How to Prevent Pretexting

The most effective way to protect your organization from fraud is to avoid interacting with messages from suspicious and unknown senders. Scammers aim to get people to click on links or download infected attachments at all costs. Therefore, any statement that asks you to do any of these things should be taken cautiously. Here are a few methods companies use to protect themselves from pretexting:

DMARC

Since pretexting involves impersonation, the email must look as authentic as possible to be successful. This requires email spoofing. Domain-based authentication, reporting, and message matching (DMARC) is the most common form of email spoofing protection. However, it requires constant and complex maintenance, which makes it very limited. Moreover, although DMARC stops accurate domain spoofing, it does not stop name spoofing or related domain spoofing, which are much more common in targeted phishing attacks. However, attackers use these more sophisticated techniques mainly because of the effectiveness of DMARC.

AI-based email analysis

Modern problems require modern solutions. To reduce risk, enterprises must strive for a more advanced detection method than DMARC. Next-generation anti-target phishing technology uses artificial intelligence (AI) to learn user behavior and detect signs of pretexting. It can also detect email addresses and traffic anomalies, such as display name spoofing and related domains. Natural Language Processing (NLP), part of AI, examines language and can decipher phrases and words common to phishing and pretexting.

Educate users

The most effective solution is to train your users to spot pretexting. To do this, you should share real pretexting examples with them.
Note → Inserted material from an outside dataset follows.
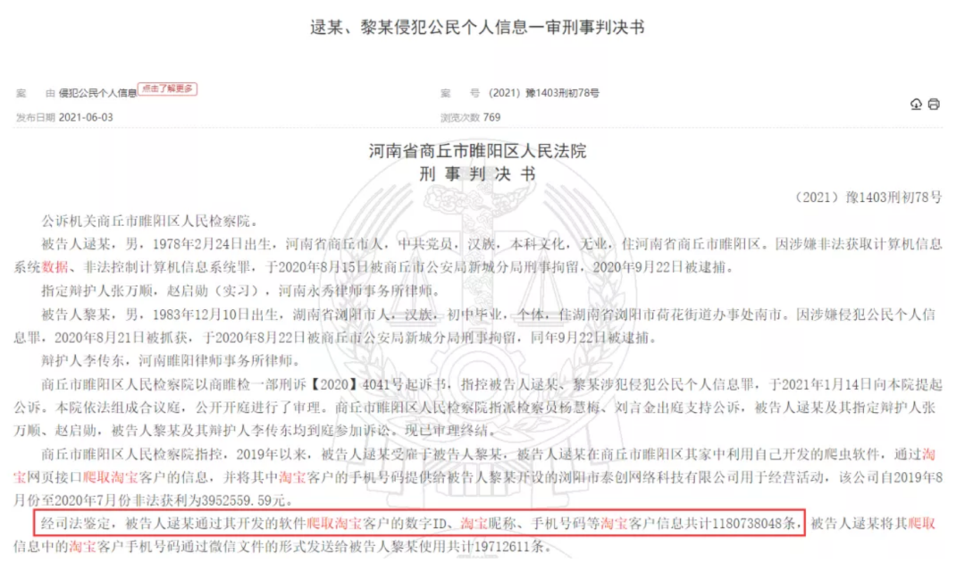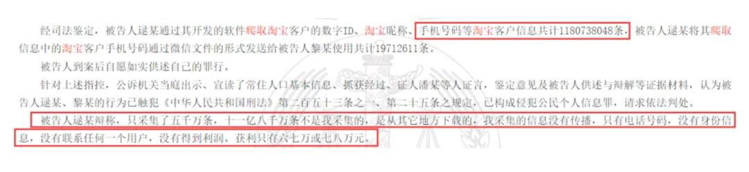 最终,逯某和黎某被河南警方逮捕。经过公检方面核查,逯某电脑里通过其开发的软件爬取淘宝客户的数字ID、淘宝昵称、手机号码等淘宝客户信息共计1180738048条。

Unfortunately, often the success of targeted phishing and pretexting is that users have yet to learn what it looks like and do not notice anything unusual in the requests they receive. Therefore, you should educate your users about all sorts of different types of spoofing and teach them how to analyze their emails for signs of display name spoofing and related domains. In addition, you should establish rules for financial transactions, such as confirming requests in person or by phone.

Report a phishing email

Unfortunately, users cannot prevent phishing attempts. However, they can be vigilant and report phishing emails when they spot them, thus protecting themselves and their organizations. To be a good Internet citizen and do your part, report phishing at phishing-report@us-cert.gov.

The post Pretexting in Cyber Security: Facts to Know appeared first on Gridinsoft Blog.